さくらばのダベリバ

頑張って生きてます。ダベるだけで読者増を目指す、チャレンジブログです。

云年ぶりに芸劇へ! 〜高校演劇都大会2022感想 1日目〜

 お久しぶりの投稿でございます、さくらばです。

 本来このブログは数少ない友人のみに見せる自己満足コンテンツとして機能していて、今年3月に投稿を終了していたのですが、此度を機に大衆に向けて公開してしまおうと決心しました。(過去の記事はあまり読まないでください)

 

 

なぜなら、

 

 

 

 

高校演劇都大会にやってきたからだ!

 

 

 己の解放と取材を兼ねてやってきました。

 実は私高校時代、東京の高校の演劇部に所属しておりまして、遠い昔に一度だけ、この東京芸術劇場のステージを踏み締めたことがあるのです。今でも懐かしく思い返します。

 その大会の日以来の東京芸術劇場、芸劇です。

シアターの受付前。到着した頃には既に、学生さんが受付業務に勤しんでいました。

 コロナ発生以後、大会開催を継続していただけただけでもありがたい話なのですが、今年2022年、ついに一般観覧も復活したのです。

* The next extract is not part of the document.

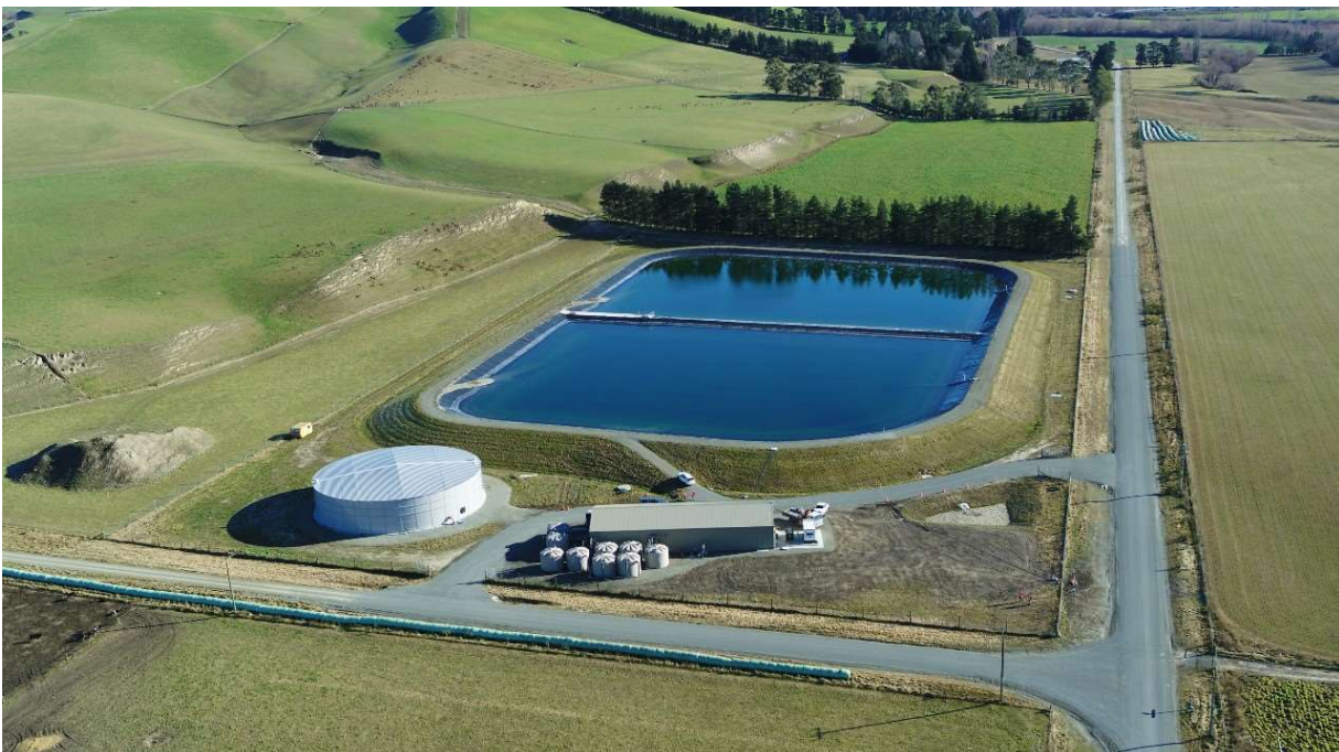
Completed Te Ana Wai Water Treatment Plant and Reservoir

 東京都高校演劇研究会さんや東京芸術劇場さん等、さまざまな方のご助力あっての成果だと思います。本当にありがとうございます。

 

 さて、私は当時上演後すぐ演目名と学校名でエゴサして、見ず知らずの人の感想を掘り当てて承認欲求を満たしており、今でも年に1回くらい日付指定までして検索して聖地巡礼しているわけですが、

 そんな私のように、見ず知らずの人間のでも、自分の出演した作品の感想を読むのは嬉しい、という方は現代でもいるのではないか。そう思いブログに残しておく次第です。

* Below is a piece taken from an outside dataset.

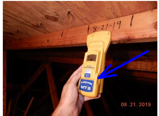
#20 Zircon Locating Tool
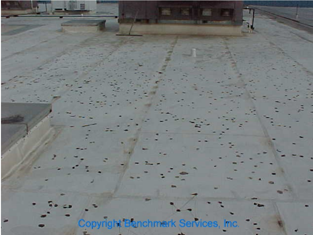
Figure 9 – Hail Damaged PVC Membrane With Thousands Of Temporary Caulk Repairs

 まとまったものではないし、結局はただのエゴなので、気に食わない感想があったら吐いて捨ててしまってください。

 

 

 ということで、本日1日目はシアターウエストへ突入! 1日に7本は現役時代でも経験ないぞ!! 身体もってくれ!!!

 

 

 

 

 

〈感想にいく前に〉

 コロナ禍設定が出てきていないのにも関わらずマスク着用の学校が複数ありましたが、他の学校と何か差があったのでしょうか? 

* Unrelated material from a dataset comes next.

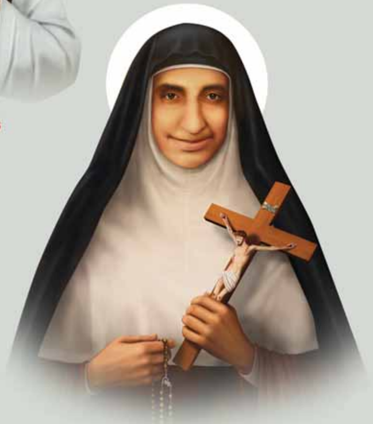
Saint Euphrasia of the Sacred Heart of Jesus
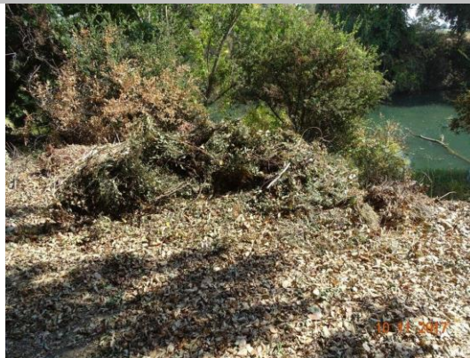
Looking southeast at the waterside slope.

 顔面が半分以上隠れて、競技の側面で考えれば大概ハンデになってしまうわけですから、何か理由がなければマスクは選ばないと思いますが、どうなのでしょう。公正な判断がなされていることを願います。(聞き逃してはないはずですが、該当校もコロナ禍設定だったらごめんなさい)

 

 

 

1.吾をまつ海よ 國學院高等学校(山手城南地区)

 まずはトップバッター! お疲れ様でした。劇場は温まってない、なのに期待されてる……そんなトップバッター、やりきるだけで満点なんですね。

 

 この作品は遊び心や思わぬ仕掛けが散りばめられていて、とても楽しんで観ることができました! 自分じゃ出てこない発想が滅茶苦茶あったように思います。

 

  • 資料室へジャンプ半転で場面転換、照明も息ぴったり。それまでがはけて転換だったのでより新鮮。
  • タイムカプセルに黒布を被せることによって埋めたことを表現、上手から紐で引っ張ってカプセルを露わにする。このアイデア滅茶苦茶すごい。普通照明を外すとか、黒子に運ばせるとかしてなんとか表現しようとしそうなところ、この表現に辿り着けるセンスですよ。ステージの黒さをも有効活用していましたね。校内公演ではどのように表現しているのかも気になります。
  • 活発な男子女子&落ち着いた男子女子、という人物の属性付けがわかりやすく、舞台全体が見やすかったように思います。ただ、例えば花はツンデレという属性が強く人物像が単調ぎみだったり、大地は環のことを大事に思ってるかと思いきやタイムカプセル探しに寝坊したり掘るのをすぐやめたりして、キャラクターの割に言動の芯がブレていたりと、人物の実在性をより高められるポイントがいくつかありそうです。
  • 机がなくて椅子だけだったのは、場面転換をスムーズにするためか、動かすとやたらと音が立つからか……。客席から見て5人は机がないものとして動いていたので、演出の方が彼らの教室についてどのような認識をしているのかが気になりました。
  • 大地母の息子ソロと5人訪問との態度の差が面白い。もっと差があっても良いと思います。キラキラしちゃったりして。
  • 小さいコミュニティの島で、自分ともう1人しかいない同級生の話を知らないことある? と思っていたらやはり知っていました、大地母。だとしたら5人から環父の話題を持ちかけられた瞬間、「あっ……」と察する感じを出すか、普段通りに振る舞うか、どちらかに振ってほしかった。大地母、普段がそこまでテンション上げ↑↑↑ではなかったので、今の訊きかたで勘付かれたかそうでないのかが分かりにくかったように思います。それともそういう演出なのか……
  • デジカメを持ち歩いているということは、時間軸はそこそこ昔なのでしょうか。ならばやはり先述の通り、マスク着用の理由はなんなのだろう……
  • タイムカプセルを埋める際、持ち上げる土の質量を感じたい! 掘る時はとても良かったので!
  • タイトル的に大地母が最後に出てきたりするかなと予想していたら、結果そこそこ早めの退場に。まあ、あくまで主役は5人だしな。

 

 最後に作品の設定について。『吾をまつ海よ』というタイトルには、ストーリー通りの「吾(環父)を待つ海(大地母)よ」、そしてラストシーン、島を発つ彼女たちが出逢う「私たちを待つ海、海のように広大な希望よ」という複数の意味合いも込めてるのかなあ、と考えたり。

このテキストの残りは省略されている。